__Work instructions__
Would you set down the data that follows, word for word, without any pictures?

__Supplied information__
>>>

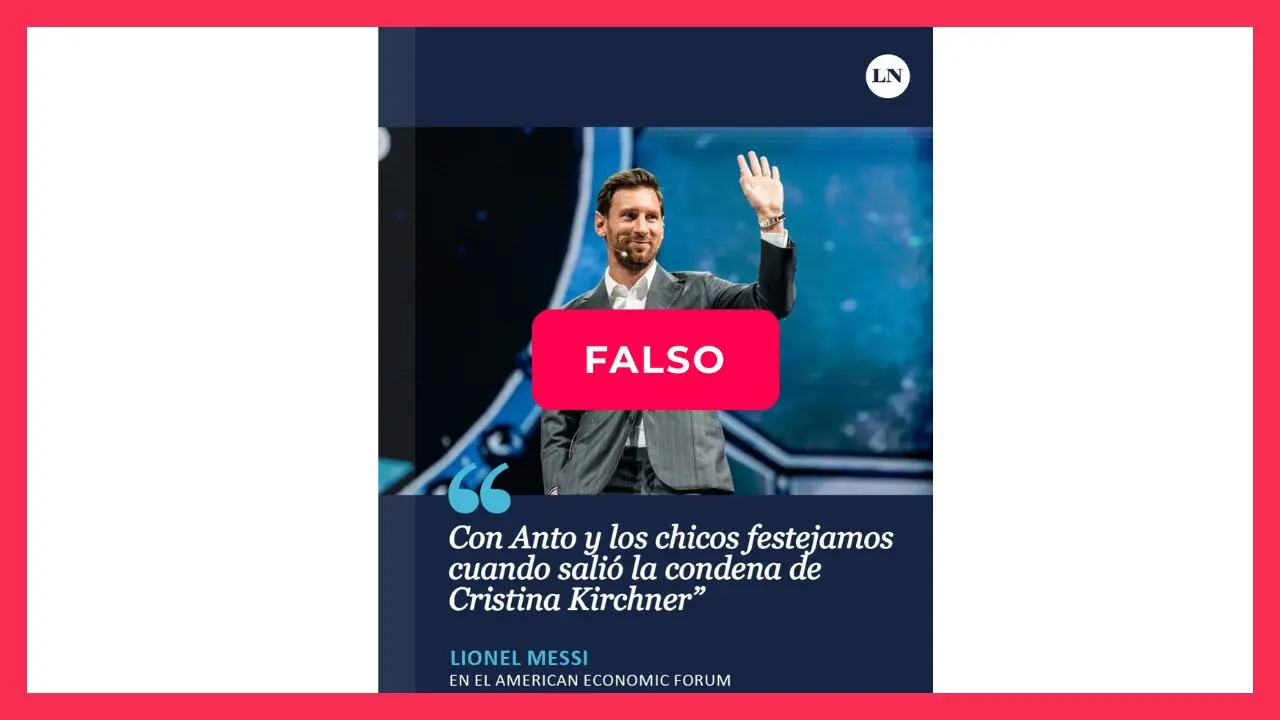 Circula en redes sociales una supuesta placa de La Nación con una foto de Messi en el America Business Forum y una presunta cita sobre la ex presidenta: “Con Anto y los chicos festejamos cuando salió la condena a Cristina Kirchner”. Según la placa, la frase habría sido dicha por el futbolista en el “American Economic Forum”.
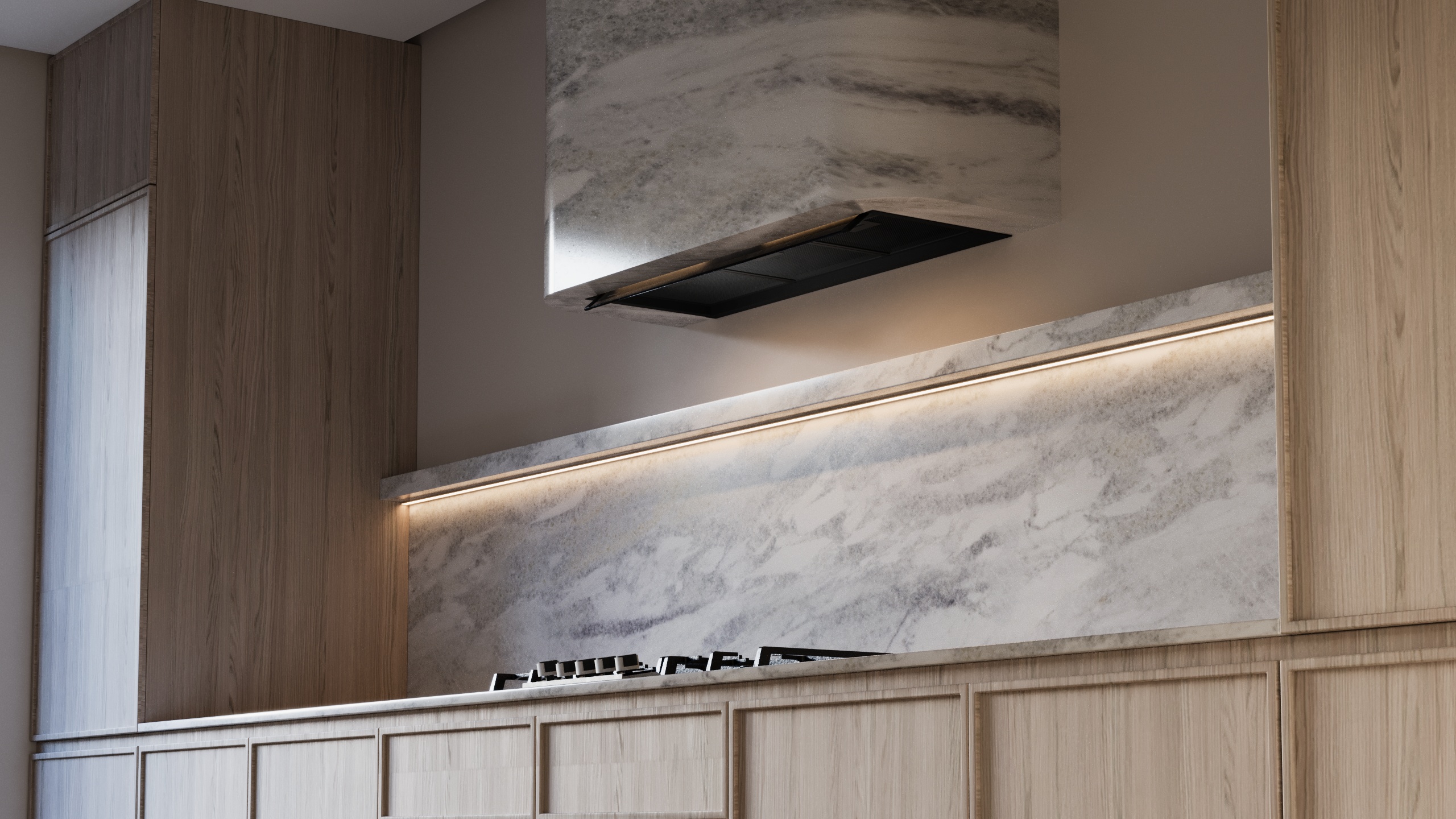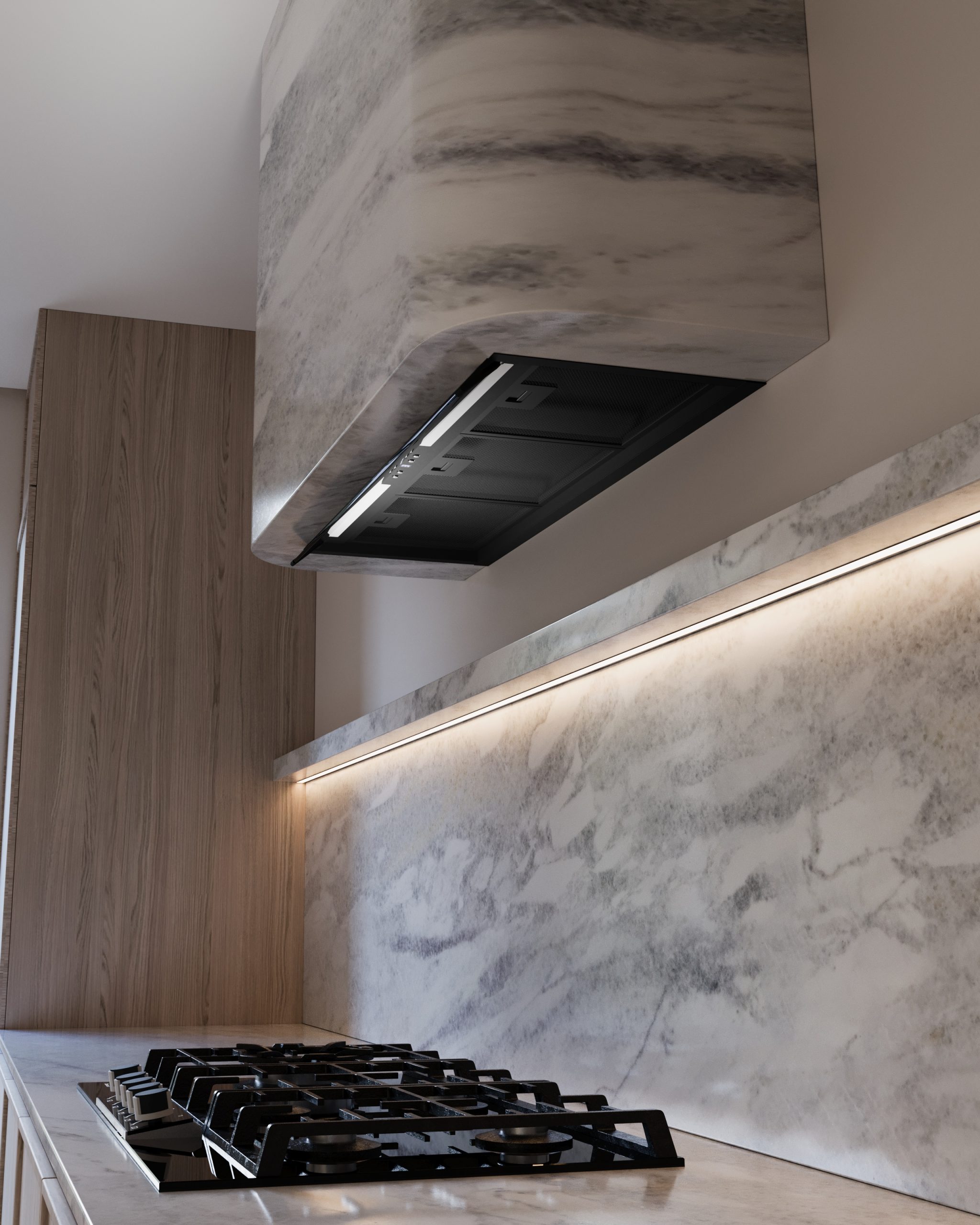 Coifa de Embutir Montreal 90 cm DeBacco – Design clean em inox, alta capacidade de sucção e funcionamento silencioso. Ideal para cozinhas gourmet que exigem eficiência e sofisticação integradas ao mobiliário.
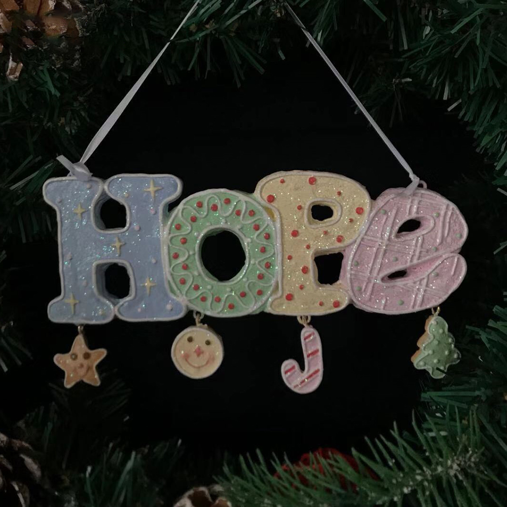 Christmas tree ornaments Hope letter Gingerbread ornament Resin Hand-painted Crafts letter pendant Christmas hanging decor

<<<

__Response to this task__
 Circula en redes sociales una supuesta placa de La Nación con una foto de Messi en el America Business Forum y una presunta cita sobre la ex presidenta: “Con Anto y los chicos festejamos cuando salió la condena a Cristina Kirchner”. Según la placa, la frase habría sido dicha por el futbolista en el “American Economic Forum”.
 Coifa de Embutir Montreal 90 cm DeBacco – Design clean em inox, alta capacidade de sucção e funcionamento silencioso. Ideal para cozinhas gourmet que exigem eficiência e sofisticação integradas ao mobiliário.
 Christmas tree ornaments Hope letter Gingerbread ornament Resin Hand-painted Crafts letter pendant Christmas hanging decor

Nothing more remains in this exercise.